|
|
|
|
|
|
| A Day in the Life - Day in Life 2 |
|
2:00 p.m. A few moments later, I heard a mother and baby chuckling and cooing in the waiting room. I laughed out loud at the contrast between my dark thoughts and these small explosions of joy. "Sitter cancelled at the last minute," Nancy grinned, bouncing her year-old son on her lap as I greeted her. I always enjoyed seeing Matthew. But after sitting with Stella, Suzanne, and Alan, I took extra pleasure in his liveliness. Over the past few years, Nancy had endured much: fertility treatments, a hard-won pregnancy, a difficult labor, and then, when she should have been breast feeding, a double mastectomy. Years ago, Matthew wouldn't have been born, and Nancy wouldn't have survived cancer. But here they were, mother and child, laughing together. We sat on the floor, Matthew busily exploring while Nancy talked of the quiet pleasure she was finding in her baby and her life, touching her soft, new curls as she spoke. I reminded her of how far she'd come in recent years: she'd found a boyfriend, married, borne a child, recovered her health—all blessings she'd once thought were beyond her reach. I offered a toast to life—"L'chaim!"—and we laughed, clinking together glasses of cold water. Yet after she left, I wondered: had Nancy come here today to look back and celebrate her successes? or had I led her there, my own soul struggling to grasp life over death? I'm not sure. But when I glimpsed my face in the small mirror on my office wall, I radiated joy.

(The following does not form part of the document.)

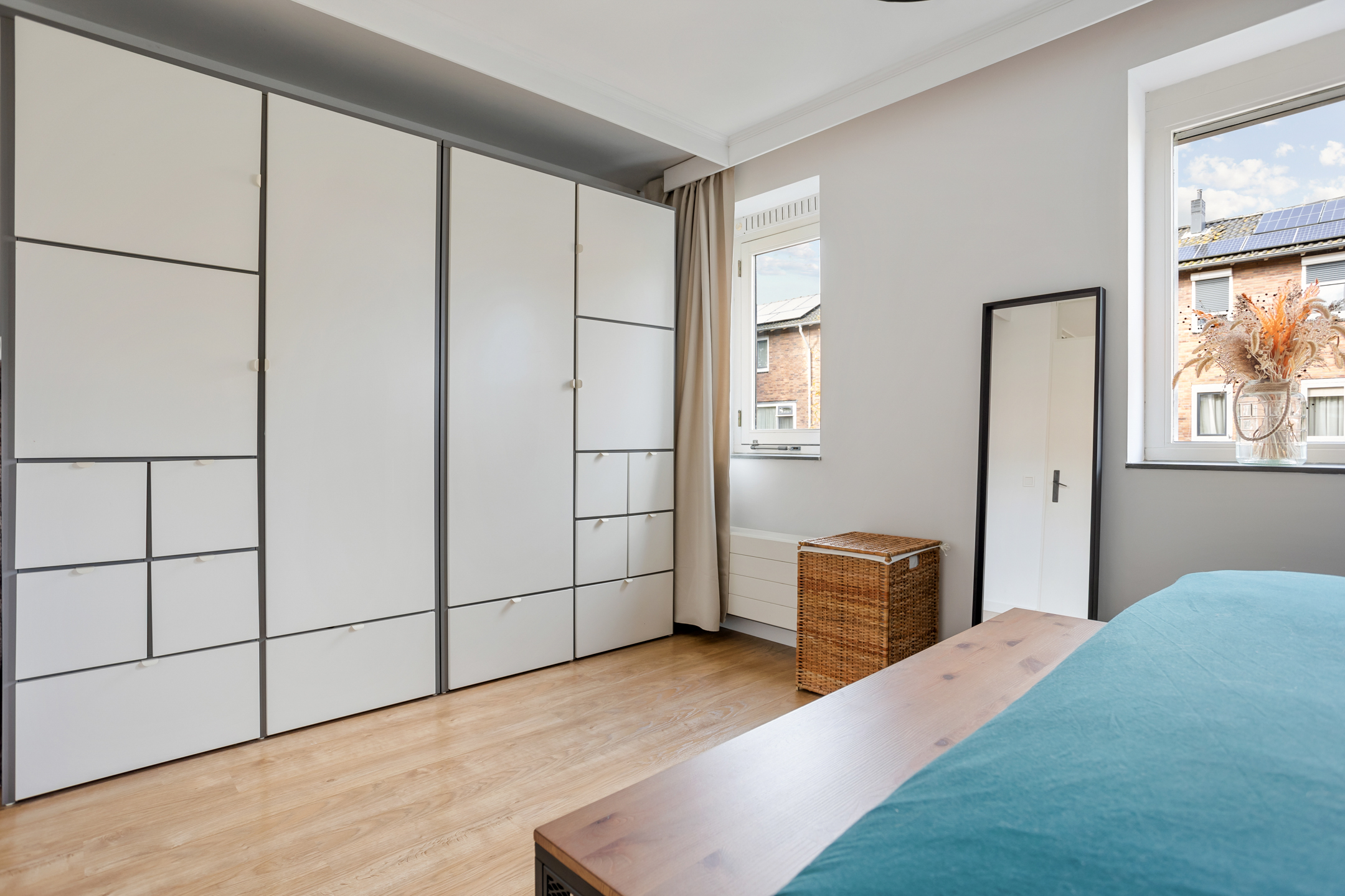 In een korte, autoluwe straat, met openbare parkeergelegenheid om de hoek, ligt deze goed verzorgde eengezinswoning met 3 woonlagen + vliering, 4 slaapkamers, een zonnige tuin, moderne en complete keuken, luxe toilet en badkamer en 8 zonnepanelen. De woning is licht en ruim opgezet en heeft een prettige ligging aan een fietspad in een kindvriendelijke woonwijk met alle voorzieningen op korte afstand.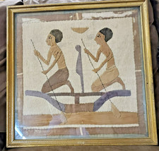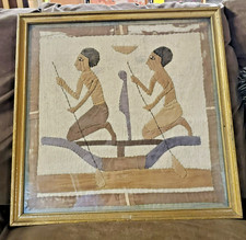Wonderful antique hand-stitched tapestry featuring iconic Egyptian figures in a boat. The piece, made of linen and cotton, is framed under glass. These type of appliqued tapestries were made in the 1920s by tent makers for sale to tourists visiting Egypt. Many were framed later, as is suspected of this piece due to the wear of some of the applique (please see photos for condition). A delightful art piece appliqued in a restrained neutral color palette that will compliment any decor or collection. This framed art was given to a nonprofit, so I don't have any additional history on it. The piece measures 20.5"x20.5". The frame is solid and in great shape.

3:00 p.m. Next hour: a session with Joel, a successful businessman changing careers in his fifties. He was doing well with this transition; I expected no heavy drama. But as he sat down, he surprised me by reaching for a tissue. "I saw a baby in the elevator," he began, his eyes bright with tears. "I haven't talked about this before, but I'm afraid of never getting close to my new grandson. I'm afraid my son will keep him away because he's so angry with me." For the next hour, Joel used tissue after tissue as he spoke of his estrangement from his own father, his yearning for family closeness, and his terror of dying alone as his father had. Please, day, be done! Even the joyous presence of a baby had triggered an exploration of loss and death. But why was I so discombobulated by this topic today? I'm no stranger to death. As an 11-year-old, I babysat a 6-year-old neighbor who had leukemia. I can still see David, skin over bones, propped up on pillows in his plastic oxygen tent. I'd unzip the tent door and slip my hands through to color with him, or to turn the pages of a book we'd read together. Then one day, my mother told me she had something sad to tell me. David was gone. Since then, I'd weathered plenty of "Sit down; I have something to tell you" moments. Grandma's death, of course. I'd grieved my father's passing, and had said final good-byes to several other relatives and two close friends. Currently, I was seeing clients who were struggling with the deaths of elderly parents, sisters, friends, and their own mortality in the abstract. But today was different, in a way I still didn't understand.